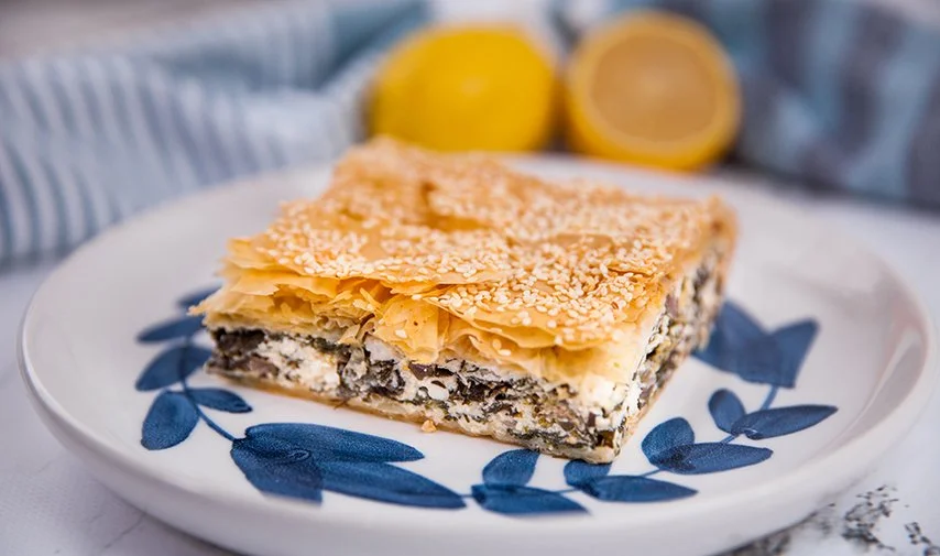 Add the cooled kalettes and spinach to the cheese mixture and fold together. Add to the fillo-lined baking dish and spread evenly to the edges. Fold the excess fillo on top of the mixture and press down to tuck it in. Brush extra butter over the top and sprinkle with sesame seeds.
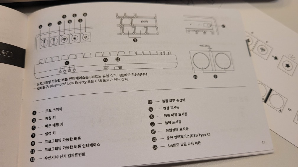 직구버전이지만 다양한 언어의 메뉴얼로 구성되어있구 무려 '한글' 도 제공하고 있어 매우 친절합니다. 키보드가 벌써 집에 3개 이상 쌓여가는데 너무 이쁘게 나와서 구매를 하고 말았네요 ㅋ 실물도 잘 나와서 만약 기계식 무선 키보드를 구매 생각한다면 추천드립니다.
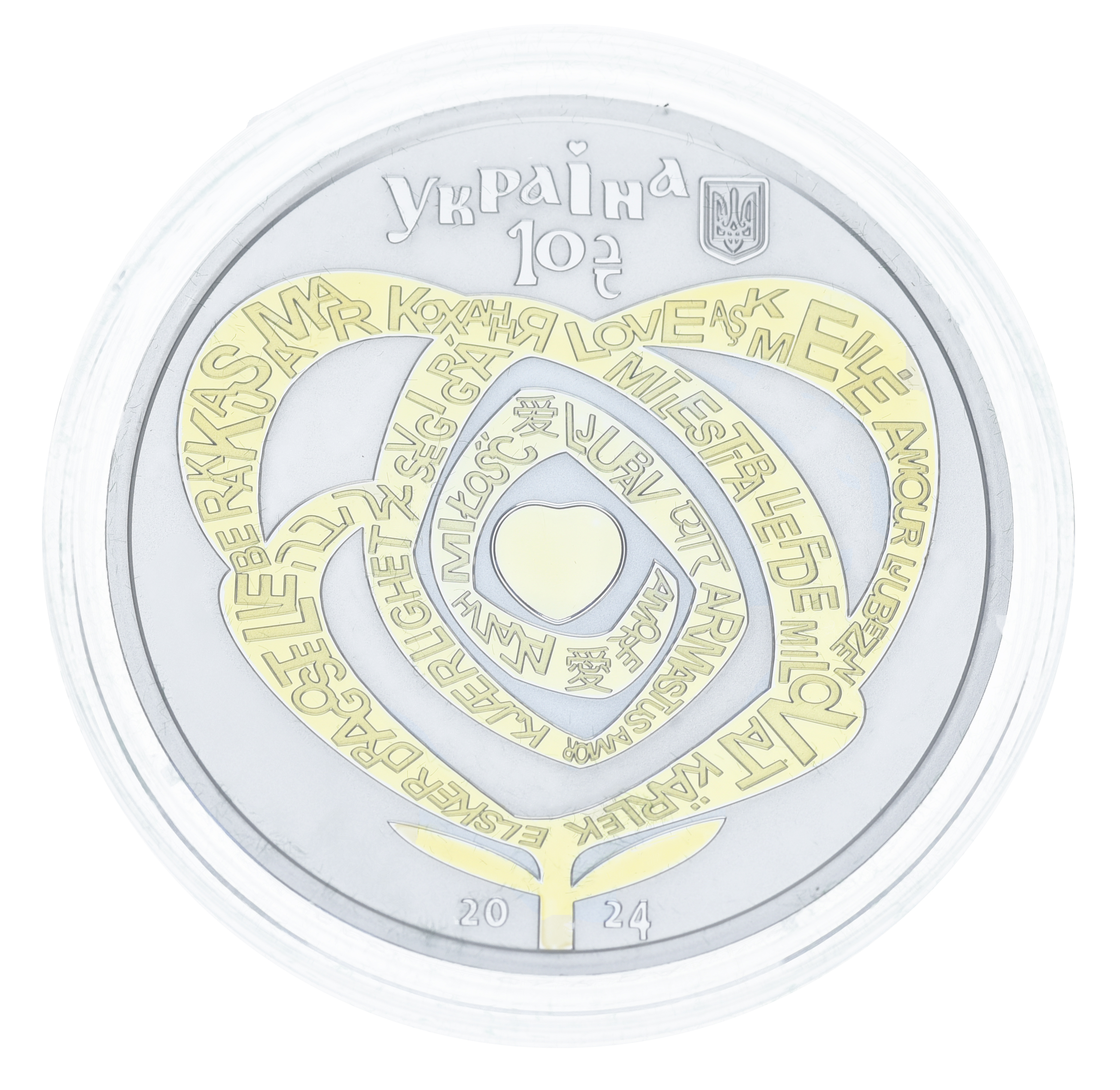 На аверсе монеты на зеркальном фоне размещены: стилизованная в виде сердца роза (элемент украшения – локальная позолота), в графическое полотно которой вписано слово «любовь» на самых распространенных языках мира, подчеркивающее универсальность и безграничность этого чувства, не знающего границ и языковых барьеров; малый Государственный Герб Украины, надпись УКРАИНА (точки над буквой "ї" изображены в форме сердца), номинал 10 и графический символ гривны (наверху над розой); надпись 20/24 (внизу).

++++++++++

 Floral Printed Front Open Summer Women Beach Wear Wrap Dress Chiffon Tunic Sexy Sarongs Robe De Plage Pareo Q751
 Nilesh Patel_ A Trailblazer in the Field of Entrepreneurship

++++++++++

From the listing above, repeat only the lines between the line containing "Add the cooled" and the line containing "직구버전이지만 다양한 언어의", those two included. Pictures are not part of the copy.

 Add the cooled kalettes and spinach to the cheese mixture and fold together. Add to the fillo-lined baking dish and spread evenly to the edges. Fold the excess fillo on top of the mixture and press down to tuck it in. Brush extra butter over the top and sprinkle with sesame seeds.
 직구버전이지만 다양한 언어의 메뉴얼로 구성되어있구 무려 '한글' 도 제공하고 있어 매우 친절합니다. 키보드가 벌써 집에 3개 이상 쌓여가는데 너무 이쁘게 나와서 구매를 하고 말았네요 ㅋ 실물도 잘 나와서 만약 기계식 무선 키보드를 구매 생각한다면 추천드립니다.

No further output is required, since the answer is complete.